* **Task statement**
Only the lines from the one with "盈利能力方面, 2025年前" through the final line below belong in the answer, copied exactly and without pictures.

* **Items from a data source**

□ □ □ □ □

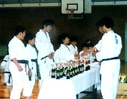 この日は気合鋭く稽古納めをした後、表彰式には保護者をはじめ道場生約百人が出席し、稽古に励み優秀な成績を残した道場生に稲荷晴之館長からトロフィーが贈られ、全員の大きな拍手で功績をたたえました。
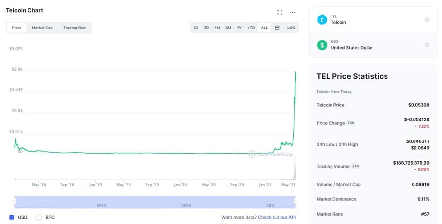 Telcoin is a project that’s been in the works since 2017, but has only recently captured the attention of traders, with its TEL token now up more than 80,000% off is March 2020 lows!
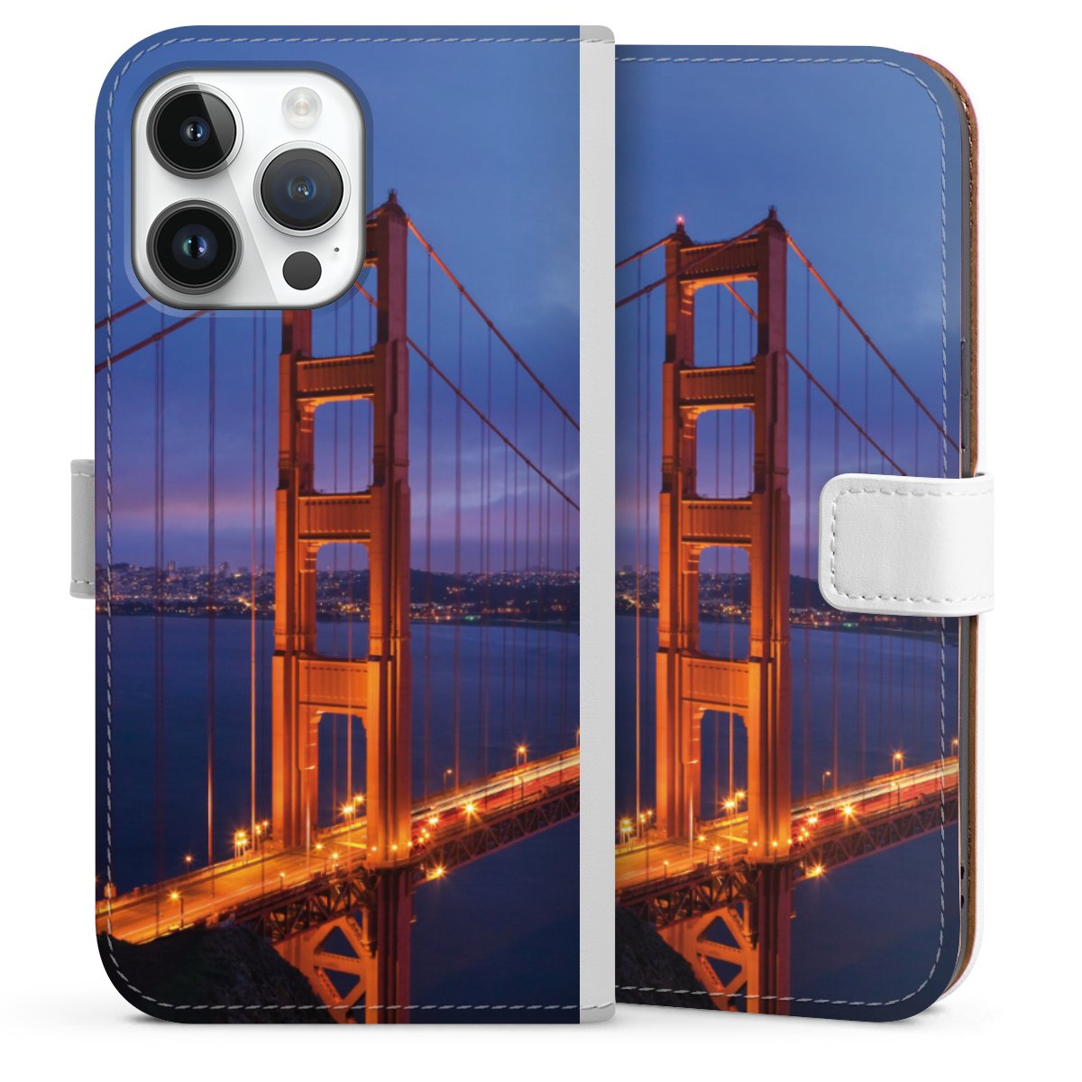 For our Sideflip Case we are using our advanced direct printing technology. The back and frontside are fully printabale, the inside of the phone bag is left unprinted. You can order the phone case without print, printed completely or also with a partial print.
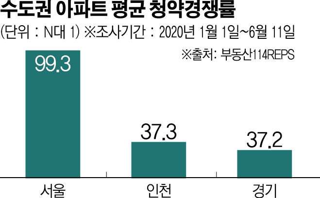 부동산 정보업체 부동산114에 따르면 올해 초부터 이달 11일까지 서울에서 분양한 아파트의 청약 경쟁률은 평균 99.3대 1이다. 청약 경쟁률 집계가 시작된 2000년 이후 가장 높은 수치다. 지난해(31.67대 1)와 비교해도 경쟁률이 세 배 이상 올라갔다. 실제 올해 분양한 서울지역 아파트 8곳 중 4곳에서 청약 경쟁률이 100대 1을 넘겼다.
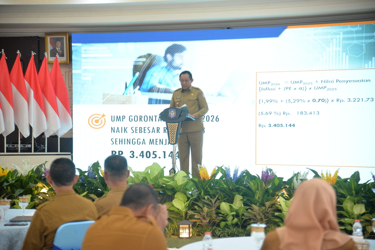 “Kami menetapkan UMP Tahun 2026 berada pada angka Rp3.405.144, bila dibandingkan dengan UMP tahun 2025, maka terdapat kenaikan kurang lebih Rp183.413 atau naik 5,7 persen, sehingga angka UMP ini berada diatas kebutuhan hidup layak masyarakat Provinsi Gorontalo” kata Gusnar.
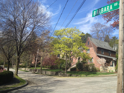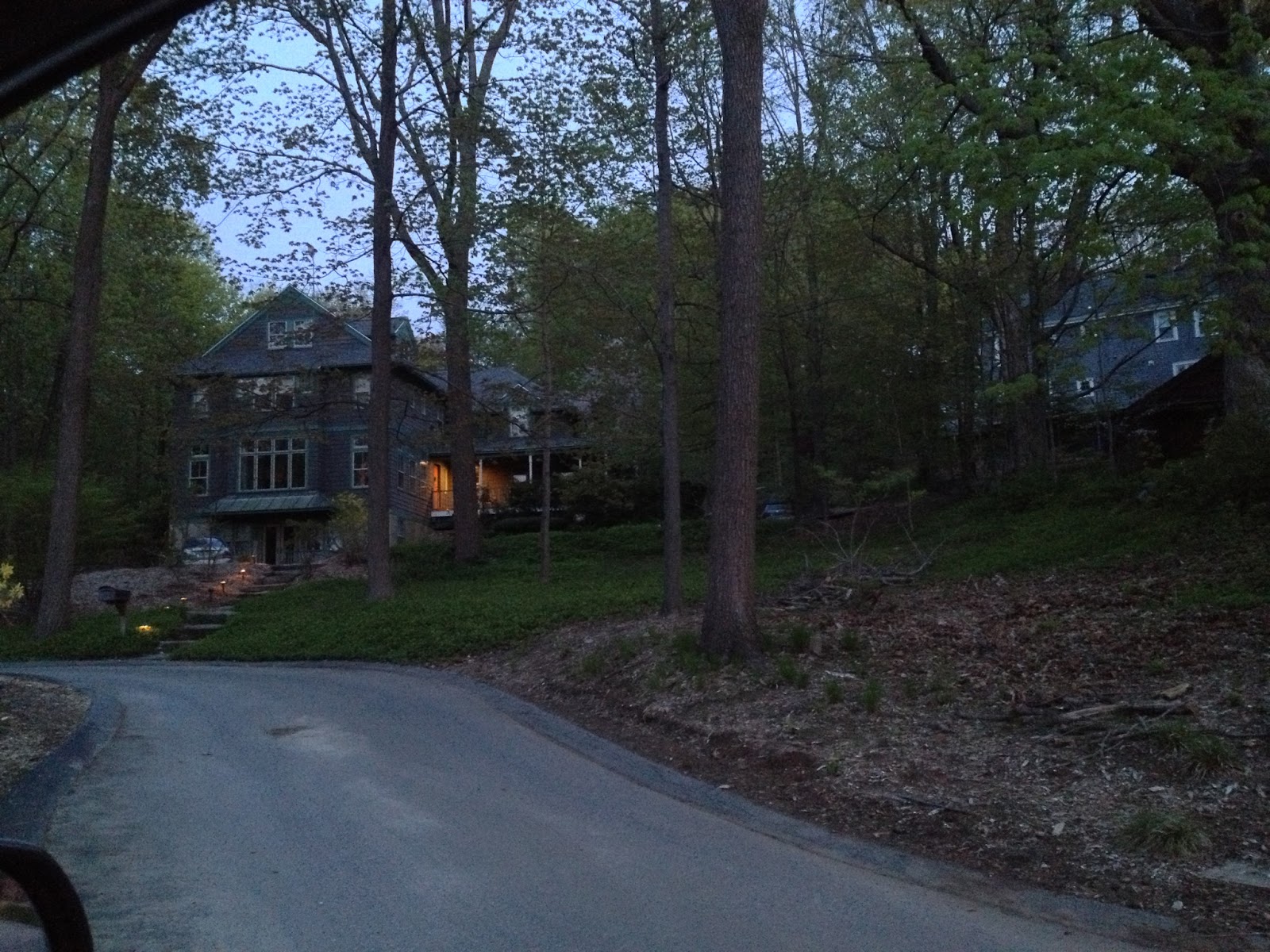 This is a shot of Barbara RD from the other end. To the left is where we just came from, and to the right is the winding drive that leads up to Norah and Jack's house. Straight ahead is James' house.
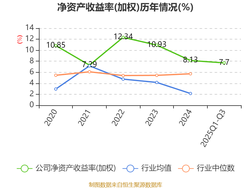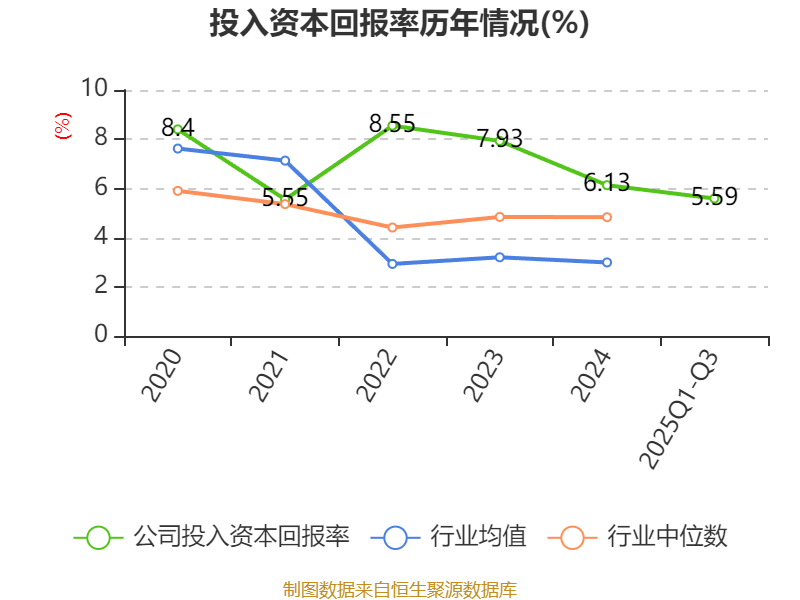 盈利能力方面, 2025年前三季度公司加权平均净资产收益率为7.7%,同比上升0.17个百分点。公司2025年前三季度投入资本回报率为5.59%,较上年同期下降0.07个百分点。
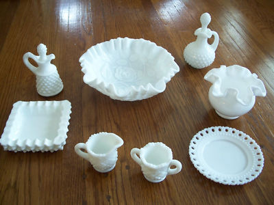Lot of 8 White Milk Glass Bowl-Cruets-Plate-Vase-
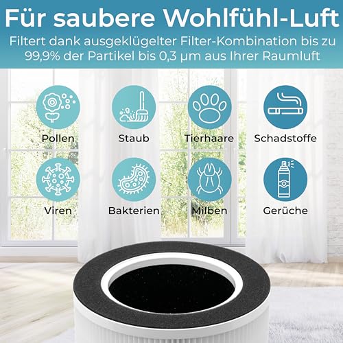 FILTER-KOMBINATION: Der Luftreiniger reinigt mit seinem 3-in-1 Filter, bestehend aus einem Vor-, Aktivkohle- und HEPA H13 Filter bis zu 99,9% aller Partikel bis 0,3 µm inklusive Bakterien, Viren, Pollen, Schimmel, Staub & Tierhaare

□ □ □ □ □

* **Output**
 盈利能力方面, 2025年前三季度公司加权平均净资产收益率为7.7%,同比上升0.17个百分点。公司2025年前三季度投入资本回报率为5.59%,较上年同期下降0.07个百分点。
Lot of 8 White Milk Glass Bowl-Cruets-Plate-Vase-
 FILTER-KOMBINATION: Der Luftreiniger reinigt mit seinem 3-in-1 Filter, bestehend aus einem Vor-, Aktivkohle- und HEPA H13 Filter bis zu 99,9% aller Partikel bis 0,3 µm inklusive Bakterien, Viren, Pollen, Schimmel, Staub & Tierhaare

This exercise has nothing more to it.